Exercise requirements
A verbatim copy of the full data, with no pictures, is the expected answer.

-- Available data follows --

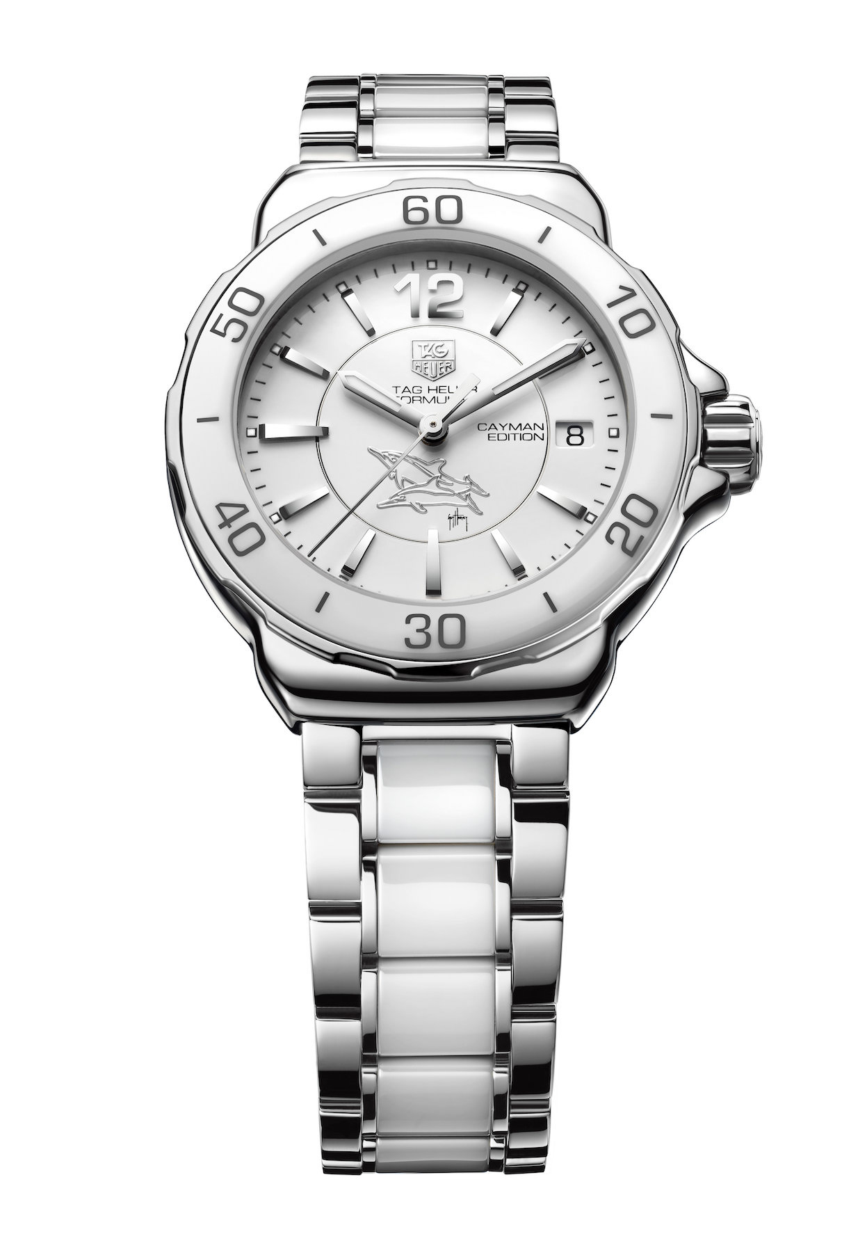 - Formula 1 Lady: Polished steel case of 37mm, sporty yet feminine version, featuring a Guy Harvey drawing of two dolphins on a white mother of pearl dial surrounded of a steel and white ceramic bezel and bracelet.
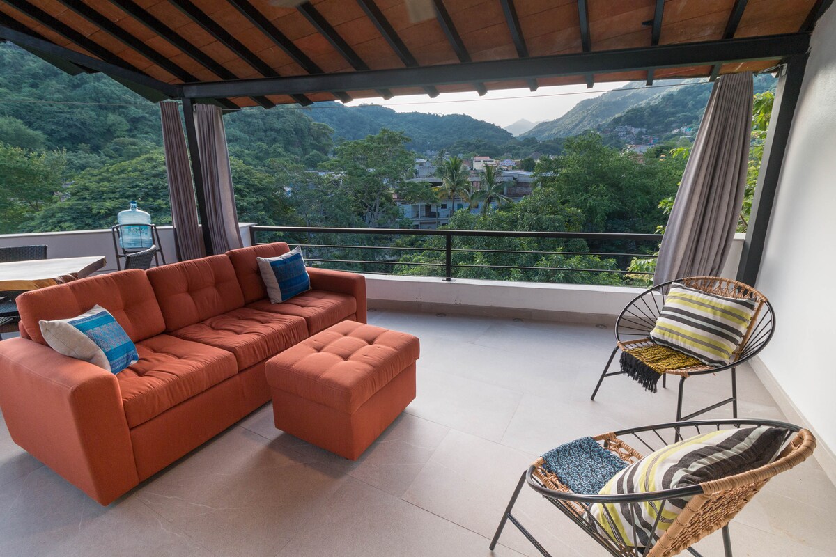 Newly remodeled home overlooking the Rio Cuale along the cobblestone streets of Zona Romantica with rental proceeds benefiting global charities. The sound of the river is the backdrop to your amazing east-facing view of the mountains from the rooftop living space adorned with local art. This 2-bedroom unit with queen beds, AC in bedrooms, and 2.5 baths occupies the 3rd and 4th floors exclusively of this home. Ample lounging space with open-air living, dining, kitchen, and a soaking tub.
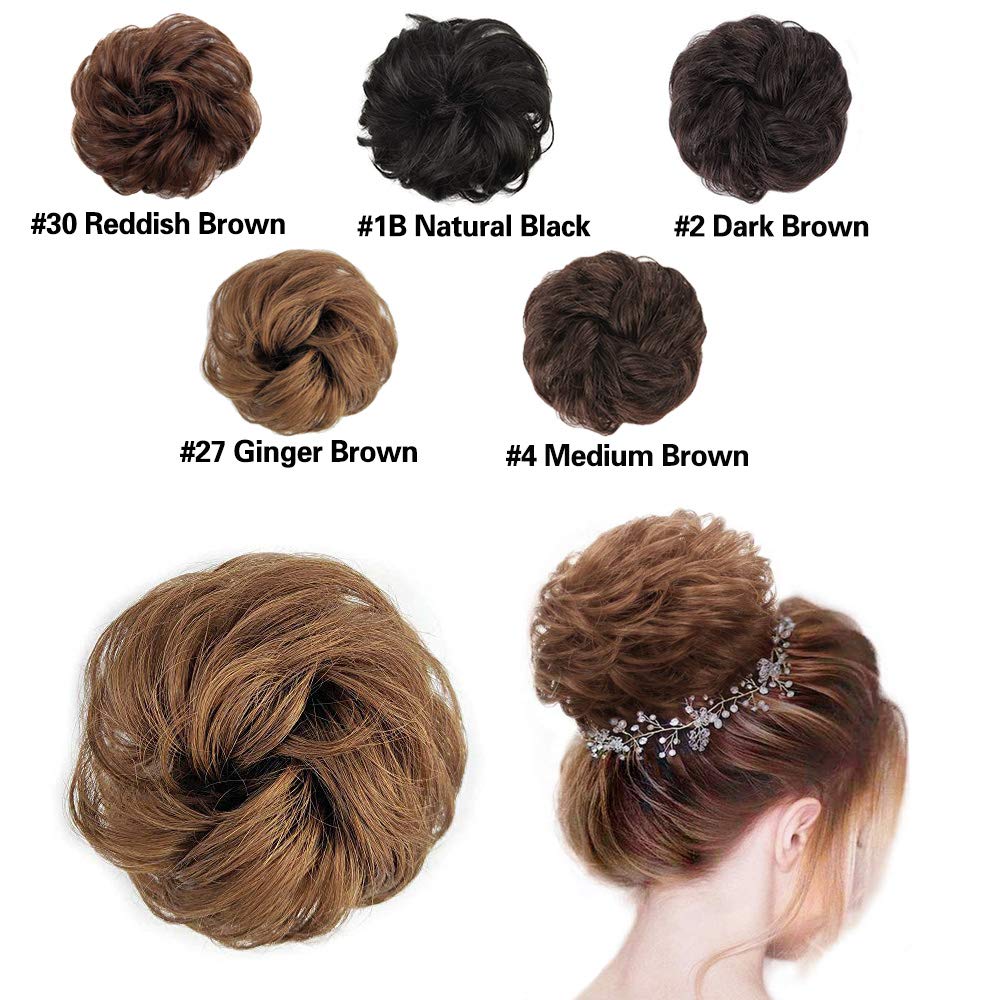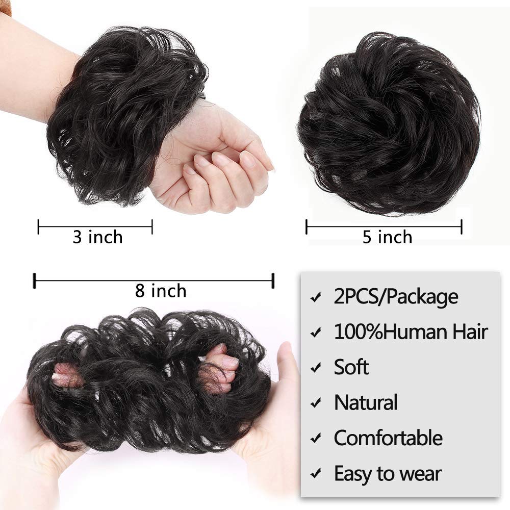 100% Really Bun Human Hair 2 PCS Messy Bun Scrunchy Wave Curly Chignon Hair Piece for Women Kids and Wedding Updo Donut Hair Clip Extension Ponytails

-- Available data concluded --

Written response
 - Formula 1 Lady: Polished steel case of 37mm, sporty yet feminine version, featuring a Guy Harvey drawing of two dolphins on a white mother of pearl dial surrounded of a steel and white ceramic bezel and bracelet.
 Newly remodeled home overlooking the Rio Cuale along the cobblestone streets of Zona Romantica with rental proceeds benefiting global charities. The sound of the river is the backdrop to your amazing east-facing view of the mountains from the rooftop living space adorned with local art. This 2-bedroom unit with queen beds, AC in bedrooms, and 2.5 baths occupies the 3rd and 4th floors exclusively of this home. Ample lounging space with open-air living, dining, kitchen, and a soaking tub.
 100% Really Bun Human Hair 2 PCS Messy Bun Scrunchy Wave Curly Chignon Hair Piece for Women Kids and Wedding Updo Donut Hair Clip Extension Ponytails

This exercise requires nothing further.